Titrations were performed at 25 °C using a VP-ITC calorimeter (MicroCal, LLC). The N-terminal (His)6-UP1 construct was used for all titrations. To avoid adding reducing agent to the ITC cell, two Cys-to-Ser point mutations were introduced at positions 43 and 175. The Cys-to-Ser mutant gave identical HSQC spectra, confirming the protein behaves like the wild type. The RNA constructs were prepared by being dried down in water utilizing a Vacufuge Plus (Eppendorf) and resuspended in 120 mM KCl, 10 mM K2HPO4, and 0.5 mM EDTA (pH 6.5). The samples were diluted to concentrations of 2.5–3 μM for the wild type and cytosine-substituted SL3ESS3 constructs. The ESS3b loop construct was prepared at a concentration of 20 μM. Prior to titrations, the samples were annealed by being heated at 95 °C for 2 min and snap-cooled on ice. UP1 was prepared at a concentration of 335 μM for ESS3b loop titrations and 50 μM for SL3ESS3 titrations. UP1 was titrated into ∼1.4 mL of RNA over 35 injections of 8 μL each. Each titration was performed in three replicates. Prior to nonlinear least-squares fitting in Origin version 7.0, the raw data were corrected for dilution by subtracting the average heats from the last few points of the saturated upper asymptotes.

NMR Spectroscopy

RNA secondary structures were confirmed with one-dimensional (1D) 1H NMR of the imino region on a Varian 600 MHz instrument equipped with an HCN room-temperature Bioprobe. Spectra were recorded at 283 K using the Wet pulse sequence with 256 scans at a spectral width of 15000 Hz. Sample concentrations of 300 μM were prepared for SL3ESS3 and the cytosine-substituted constructs. The ESS3b loop was prepared at a concentration of 50 μM. Each sample was annealed and snap-cooled prior to collection.

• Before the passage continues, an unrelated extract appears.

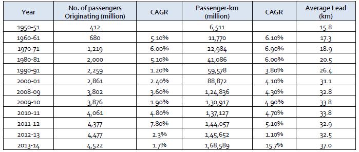 In1950 51,thequantityoftravellersbenefitingofruralrail activities was 412 million, which developed in excess of eleven overlap to 4,552 million by 2013 14. As far as traveller km, be that as it may, it developed from 6,511 million of every 1950 51 to 1,68,589 million by 2013 14, whichismultipletimesincrementoveratimeofsixtyyears. Throughout a similar time, normal lead length multiplied from15.8kmto37.0km,becauseofthedevelopmentofthe urban communities. Interest for rural traveller travel in India has been developing at a yearly pace of 3.6% somewhereintherangeof2001and2014.Somewherein therangeof2011and2012thedevelopmentrateincreased byto7.8%andfurtherdiminishedto1.7%in2013 14.Asfar astravellerkm,theinteresthasshownadevelopmentpace of5.0%somewhereintherangeof2001and2014.

1H–15N HSQC titrations were performed on a Bruker 900 MHz spectrophotomer (TXI cryoprobe) with the HSQCETFPF3GPSI pulse sequence at 298 K. Titrations of unlabeled SL3ESS3 into 15N-labeled UP1-(His)6 were performed at molar ratios from 0.25 to 1.0 in 120 mM KCl, 10 mM K2HPO4, and 0.5 mM EDTA (pH 6.5) in a 90% H2O/10% D2O mixture. 1H–15N HSQC chemical shift assignments for free UP1 were taken from the BMRB (18728)[32] and further confirmed for our construct by running the standard suite of triple-resonance NMR experiments: HNCACB, HNCO, and C(CO)NH. All spectra were recorded at 298 K. All NMR data were processed with NMRPipe/NMRDraw[33] and analyzed using NMRView J.[34]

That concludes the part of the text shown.